Records drawn from a dataset:
'''

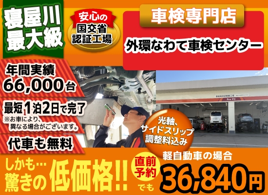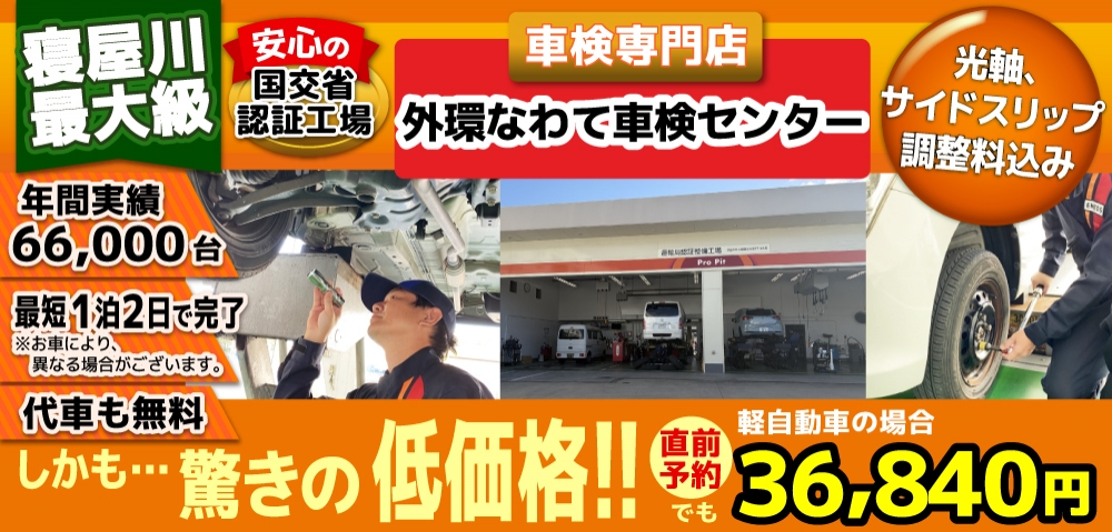 寝屋川・四条畷・大東・門真で車検が格安36,840円!
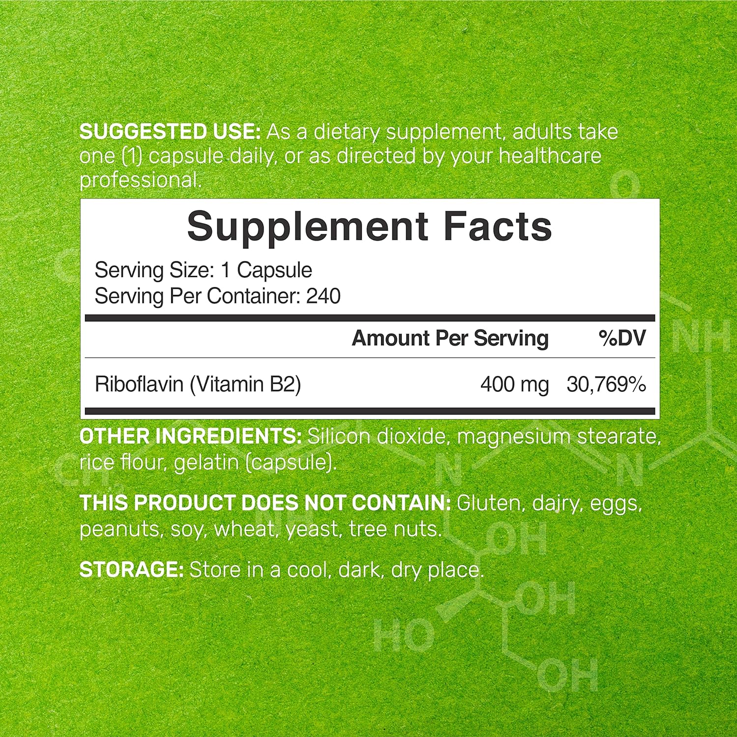 3 >Dosage & Servings β Enjoy 240 capsules per bottle that only take 1 capsule per serving. A bulk 240-day supply that contains 400mg vitamin B2 with every dose
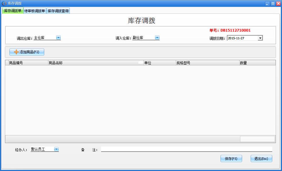 库存调拨单:该部分完成库存调拨;将物品从一个仓库调配到另一个仓库,按照界面的提示进行操作,点击'增加商品'按钮进入'增加商品'窗口,选择要调拨的商品;增加的商品将显示于'增加商品'按钮下的'调拨商品'表格中。 商品添加完成后点击'保存'按钮退出,即完成物品的调拨,已调拨的商品可以查询。 |
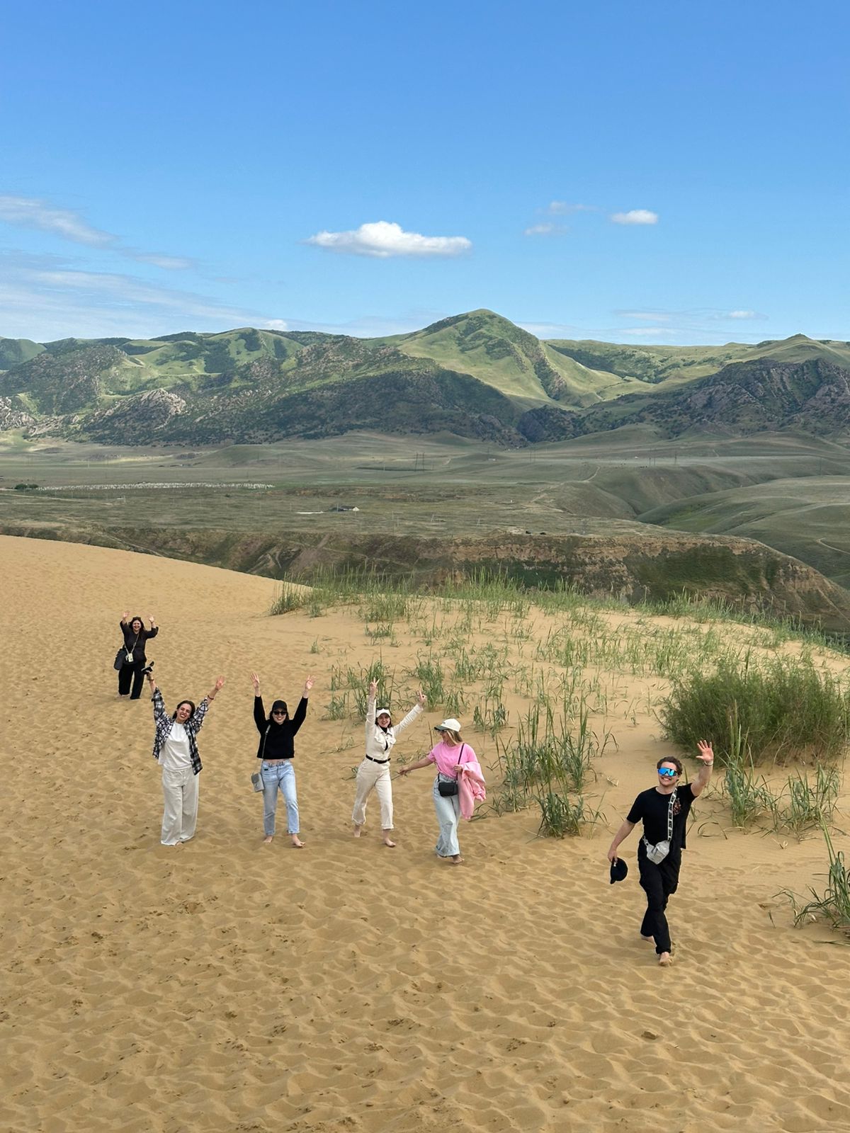 А в завершение дня нас ждет контрастная встреча с песчаным чудом — Барханом Сарыкум, самым высоким в Европе. Теплый золотистый песок под ногами, волны дюн на фоне гор — словно портал в другую страну, где пустыня и горы слились в единый пейзаж.
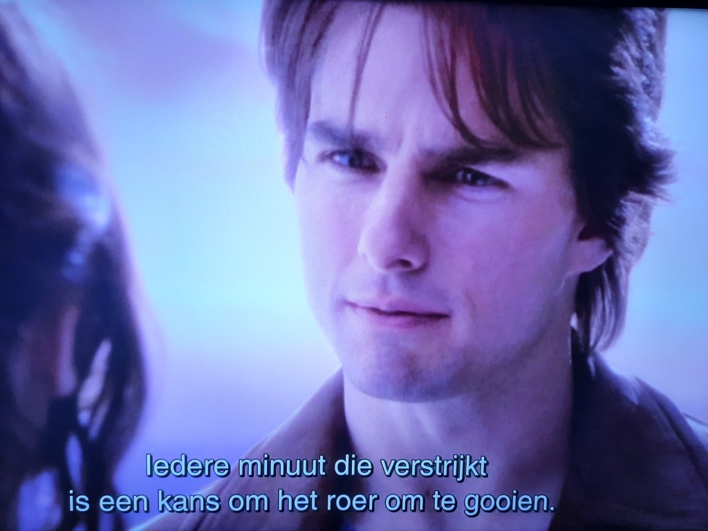 Ik moet toegeven dat het verhaal binnenkwam en aan mijn universele twijfel appelleerde, een eigenschap die me zowel al danig parten gespeeld heeft als wapende tegen onbezonnenheid. Eerder zag ik flarden van Vanilla Sky, met Tom Cruise in de hoofdrol, deze keer – toevallig nu – het hele verhaal. Daarbij viel het me nu op dat er meer dan één nummer van Sigur Rós in de soundrack zit, dat ook het lijflied ‘Svefn-g-englar’ van waar je werkelijk ademt zachtjes weerklinkt terwijl de acteurs hun ding doen.
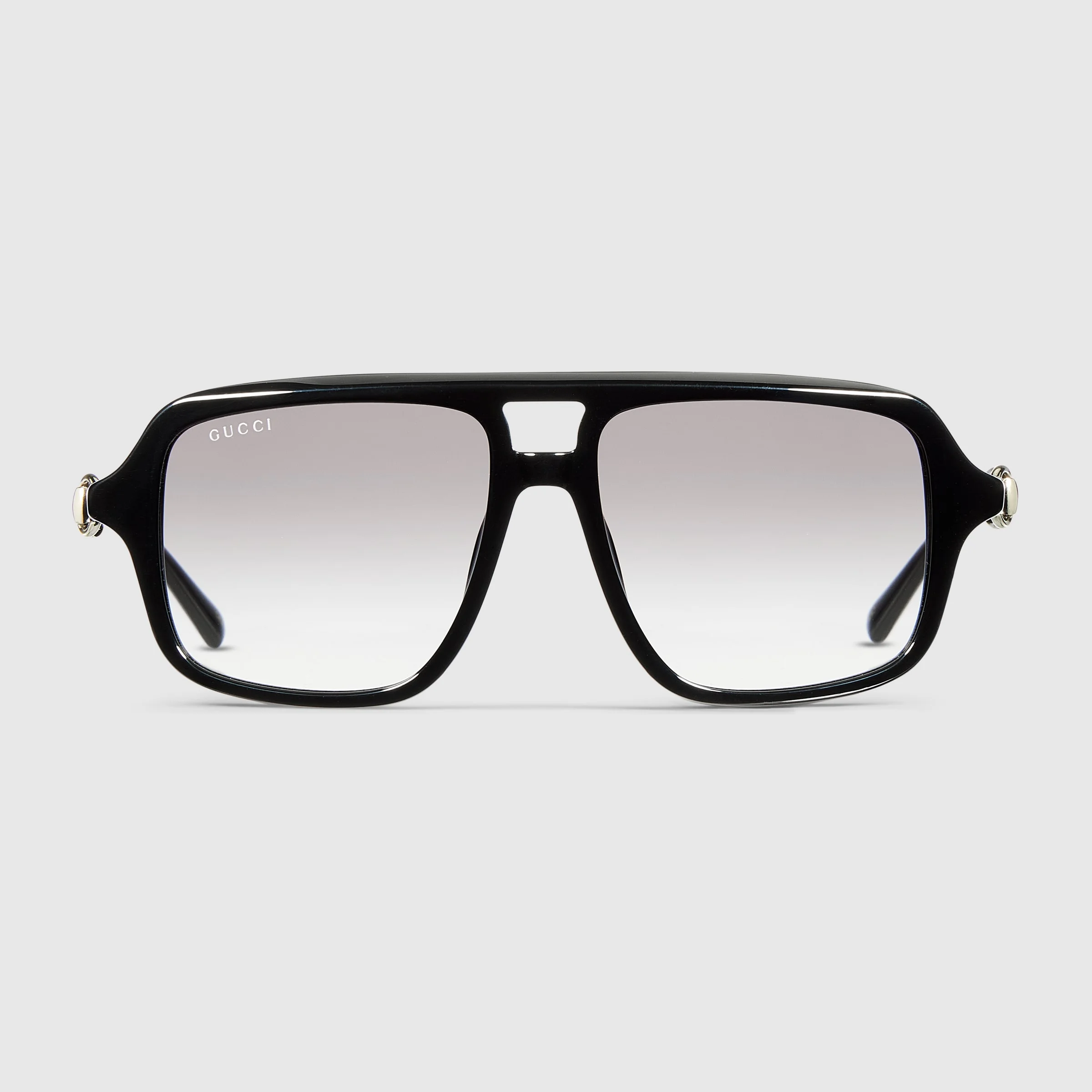 The House's eyewear collection continues to reinterpret emblematic motifs, from the GG, Web, bamboo, Horsebit and equestrian inspirations, in sumptuous materials, intricate craftsmanship, and fresh hues. These oversize navigator sunglasses are presented in black acetate and reveal a shiny dark ruthenium Horsebit detail across the temples. - Shiny black acetate frame - Shiny black acetate with shiny dark ruthenium Horsebit detail - Gradient grey lens - 100% UVA/UVB protection - GG2046S - Temple length: 5.7"; Lens height: 1.8"; Nose bridge length: 0.6" - Frame height: 5.6"; Frame width: 2"; Hinge to hinge: 5.4" - The eyewear case in the House’s signature Rosso Ancora red hue is complete with a magnetic closure and white interior

'''

Exercise brief: Leave out the pictures, then copy all the remaining text in the records exactly.

Response to the task:
 寝屋川・四条畷・大東・門真で車検が格安36,840円!
 3 >Dosage & Servings β Enjoy 240 capsules per bottle that only take 1 capsule per serving. A bulk 240-day supply that contains 400mg vitamin B2 with every dose
 库存调拨单:该部分完成库存调拨;将物品从一个仓库调配到另一个仓库,按照界面的提示进行操作,点击'增加商品'按钮进入'增加商品'窗口,选择要调拨的商品;增加的商品将显示于'增加商品'按钮下的'调拨商品'表格中。 商品添加完成后点击'保存'按钮退出,即完成物品的调拨,已调拨的商品可以查询。 |
 А в завершение дня нас ждет контрастная встреча с песчаным чудом — Барханом Сарыкум, самым высоким в Европе. Теплый золотистый песок под ногами, волны дюн на фоне гор — словно портал в другую страну, где пустыня и горы слились в единый пейзаж.
 Ik moet toegeven dat het verhaal binnenkwam en aan mijn universele twijfel appelleerde, een eigenschap die me zowel al danig parten gespeeld heeft als wapende tegen onbezonnenheid. Eerder zag ik flarden van Vanilla Sky, met Tom Cruise in de hoofdrol, deze keer – toevallig nu – het hele verhaal. Daarbij viel het me nu op dat er meer dan één nummer van Sigur Rós in de soundrack zit, dat ook het lijflied ‘Svefn-g-englar’ van waar je werkelijk ademt zachtjes weerklinkt terwijl de acteurs hun ding doen.
 The House's eyewear collection continues to reinterpret emblematic motifs, from the GG, Web, bamboo, Horsebit and equestrian inspirations, in sumptuous materials, intricate craftsmanship, and fresh hues. These oversize navigator sunglasses are presented in black acetate and reveal a shiny dark ruthenium Horsebit detail across the temples. - Shiny black acetate frame - Shiny black acetate with shiny dark ruthenium Horsebit detail - Gradient grey lens - 100% UVA/UVB protection - GG2046S - Temple length: 5.7"; Lens height: 1.8"; Nose bridge length: 0.6" - Frame height: 5.6"; Frame width: 2"; Hinge to hinge: 5.4" - The eyewear case in the House’s signature Rosso Ancora red hue is complete with a magnetic closure and white interior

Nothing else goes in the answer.